EXERCISE AIM:
Write out the entries exactly, pictures excluded.
^^^^^^^^^^^^^^^^
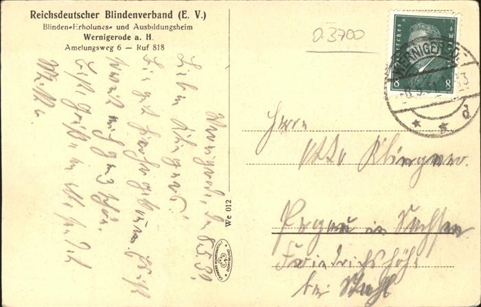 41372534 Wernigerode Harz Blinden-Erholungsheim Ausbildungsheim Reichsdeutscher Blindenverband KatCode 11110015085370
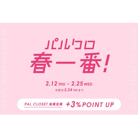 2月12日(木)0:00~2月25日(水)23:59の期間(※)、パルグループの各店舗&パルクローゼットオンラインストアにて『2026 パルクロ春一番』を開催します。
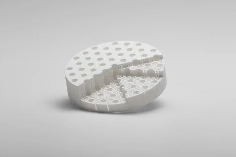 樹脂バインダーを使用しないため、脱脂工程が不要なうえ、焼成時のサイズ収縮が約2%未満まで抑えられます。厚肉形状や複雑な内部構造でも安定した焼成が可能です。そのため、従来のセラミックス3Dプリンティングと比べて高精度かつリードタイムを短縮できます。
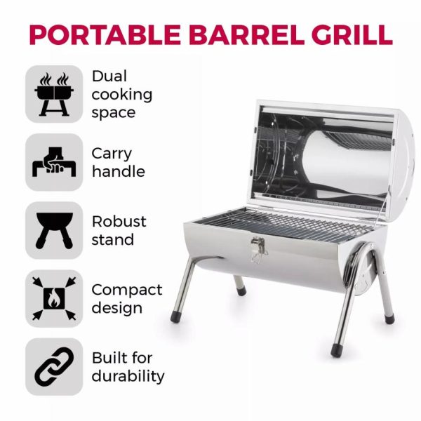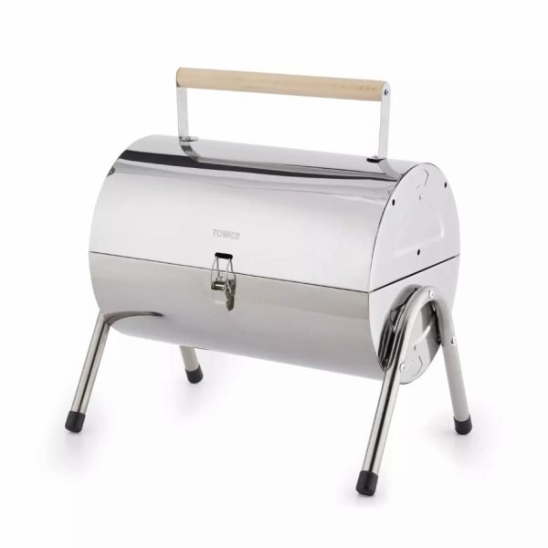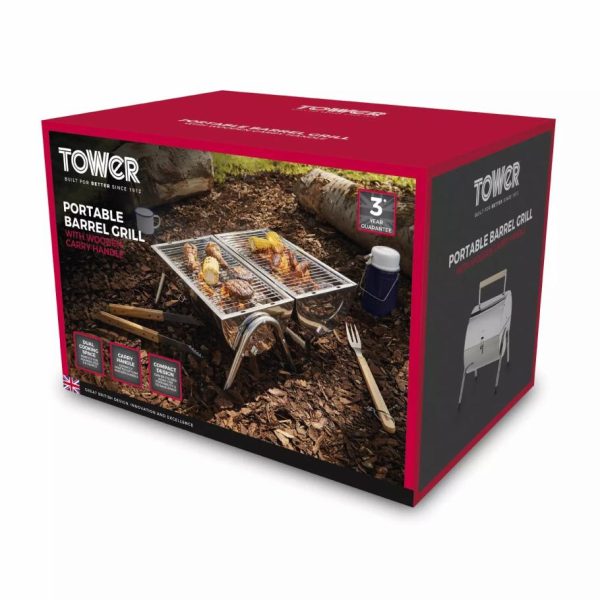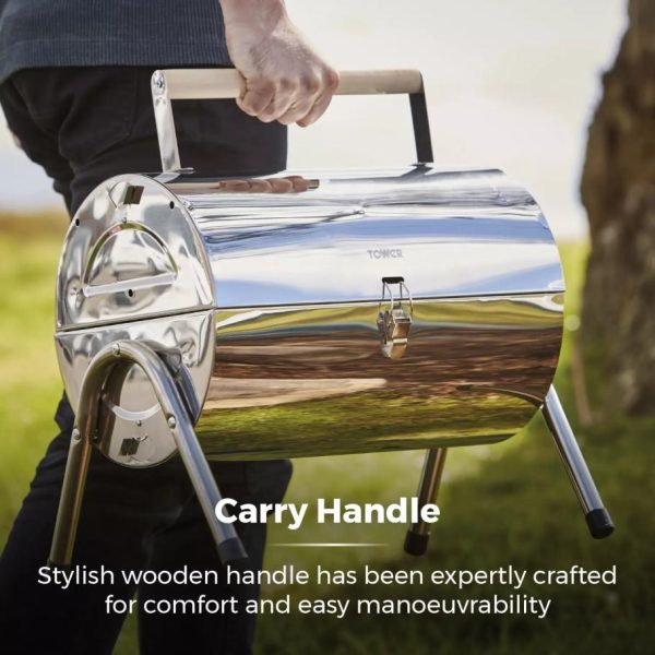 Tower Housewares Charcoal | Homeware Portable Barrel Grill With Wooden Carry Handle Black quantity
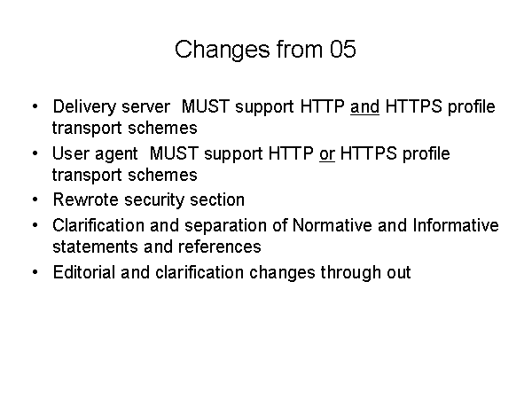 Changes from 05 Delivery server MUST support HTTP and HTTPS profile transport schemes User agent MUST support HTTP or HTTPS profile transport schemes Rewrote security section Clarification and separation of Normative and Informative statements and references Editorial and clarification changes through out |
^^^^^^^^^^^^^^^^
EXERCISE ANSWER:
 41372534 Wernigerode Harz Blinden-Erholungsheim Ausbildungsheim Reichsdeutscher Blindenverband KatCode 11110015085370
 2月12日(木)0:00~2月25日(水)23:59の期間(※)、パルグループの各店舗&パルクローゼットオンラインストアにて『2026 パルクロ春一番』を開催します。
 樹脂バインダーを使用しないため、脱脂工程が不要なうえ、焼成時のサイズ収縮が約2%未満まで抑えられます。厚肉形状や複雑な内部構造でも安定した焼成が可能です。そのため、従来のセラミックス3Dプリンティングと比べて高精度かつリードタイムを短縮できます。
 Tower Housewares Charcoal | Homeware Portable Barrel Grill With Wooden Carry Handle Black quantity
 Changes from 05 Delivery server MUST support HTTP and HTTPS profile transport schemes User agent MUST support HTTP or HTTPS profile transport schemes Rewrote security section Clarification and separation of Normative and Informative statements and references Editorial and clarification changes through out |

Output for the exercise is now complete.